◆ **INSTRUCTIONS FOR THE TASK**:
Before repeating the entries below, strip out every picture and keep all else as it is.

◆ **AVAILABLE DATA**:
'''

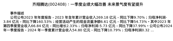 值得注意的是:2024年05月长江证券的魏凯/侯彦飞/张韦华分析师,首次发布关于齐翔腾达的研究报告,标题为:齐翔腾达(002408):一季度业绩大幅改善 未来景气度有望提升。
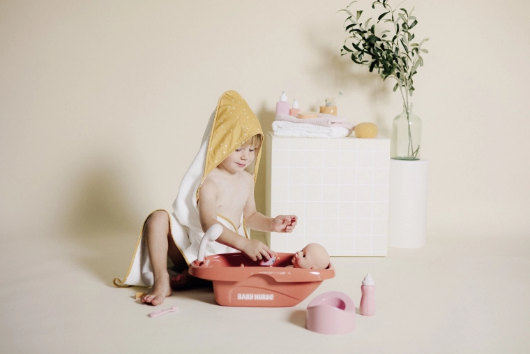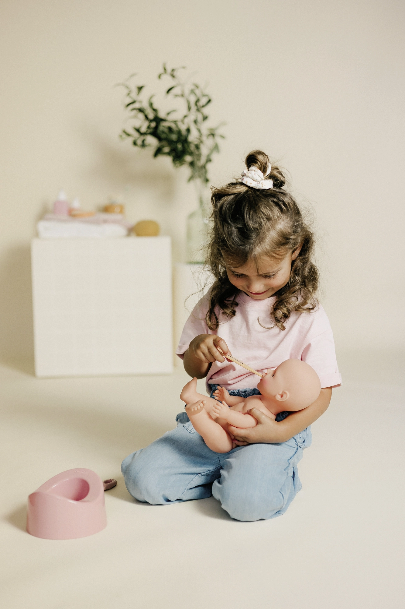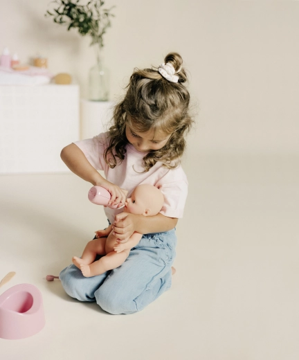 Il set comprende un’ampia gamma di accessori: vasino, termometro, spazzolino da denti, boccette e altri accessori facili da impugnare per i bambini. Il set è prodotto in Francia e utilizza materiali riciclati (76%), rendendolo una scelta ecologica. Adatto a bambole fino a 42 cm.
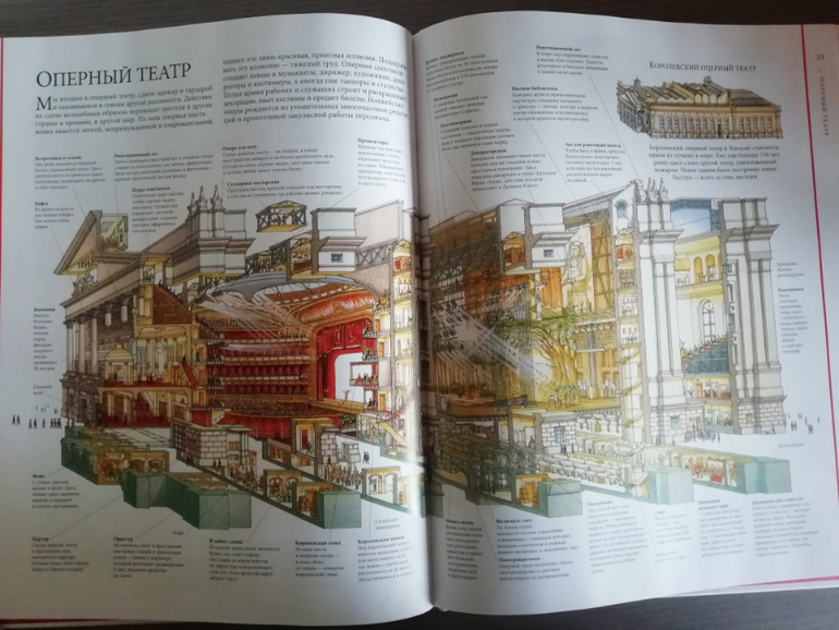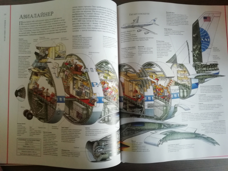 Если с первой энциклопедией мы изучали космос, то вторая- "Чудесные сечения" поможет нам заглянуть во внутрь зданий, кораблей и транспорта.
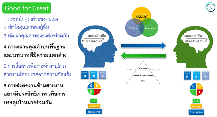 - Synergy Core Value กลยุทธ์การผสานค่านิยมหลักขององค์กร ค่านิยมร่วม/ทีม ค่านิยมส่วนบุคคล เพื่อการทำงานที่สอดคล้องกันสู่การบรรลุเป้าหมายร่วมกัน
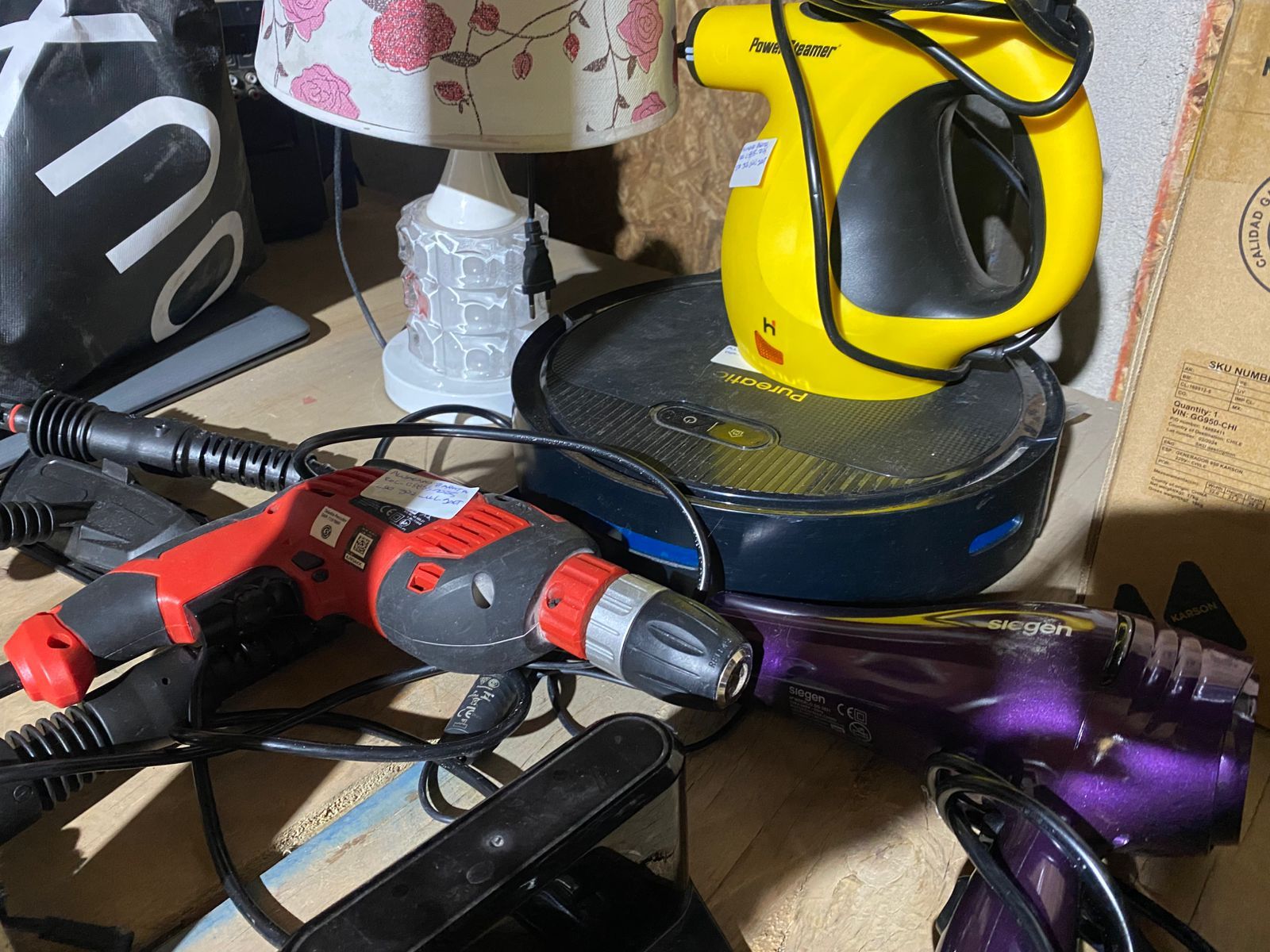 LOTE 45: Aspiradora robot Pureatic. Secador de pelo Siegen. Maquina limpieza a vapor Hausen. Taladro percutor Heinhell. Lámpara sin marca. Maquina de afeitar Phillips. (Retiro En Stgo. de Chile)
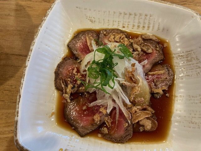 For this lunch we went for the Edamame beans ($13) – salty version – spicy is also available. It was very good and very fresh. Next up was the Wagyu Beef Tataki ($32). The beef itself with ponzu was excellent but the raw onions on top were not!

'''

◆ **TASK SOLUTION**:
 值得注意的是:2024年05月长江证券的魏凯/侯彦飞/张韦华分析师,首次发布关于齐翔腾达的研究报告,标题为:齐翔腾达(002408):一季度业绩大幅改善 未来景气度有望提升。
 Il set comprende un’ampia gamma di accessori: vasino, termometro, spazzolino da denti, boccette e altri accessori facili da impugnare per i bambini. Il set è prodotto in Francia e utilizza materiali riciclati (76%), rendendolo una scelta ecologica. Adatto a bambole fino a 42 cm.
 Если с первой энциклопедией мы изучали космос, то вторая- "Чудесные сечения" поможет нам заглянуть во внутрь зданий, кораблей и транспорта.
 - Synergy Core Value กลยุทธ์การผสานค่านิยมหลักขององค์กร ค่านิยมร่วม/ทีม ค่านิยมส่วนบุคคล เพื่อการทำงานที่สอดคล้องกันสู่การบรรลุเป้าหมายร่วมกัน
 LOTE 45: Aspiradora robot Pureatic. Secador de pelo Siegen. Maquina limpieza a vapor Hausen. Taladro percutor Heinhell. Lámpara sin marca. Maquina de afeitar Phillips. (Retiro En Stgo. de Chile)
 For this lunch we went for the Edamame beans ($13) – salty version – spicy is also available. It was very good and very fresh. Next up was the Wagyu Beef Tataki ($32). The beef itself with ponzu was excellent but the raw onions on top were not!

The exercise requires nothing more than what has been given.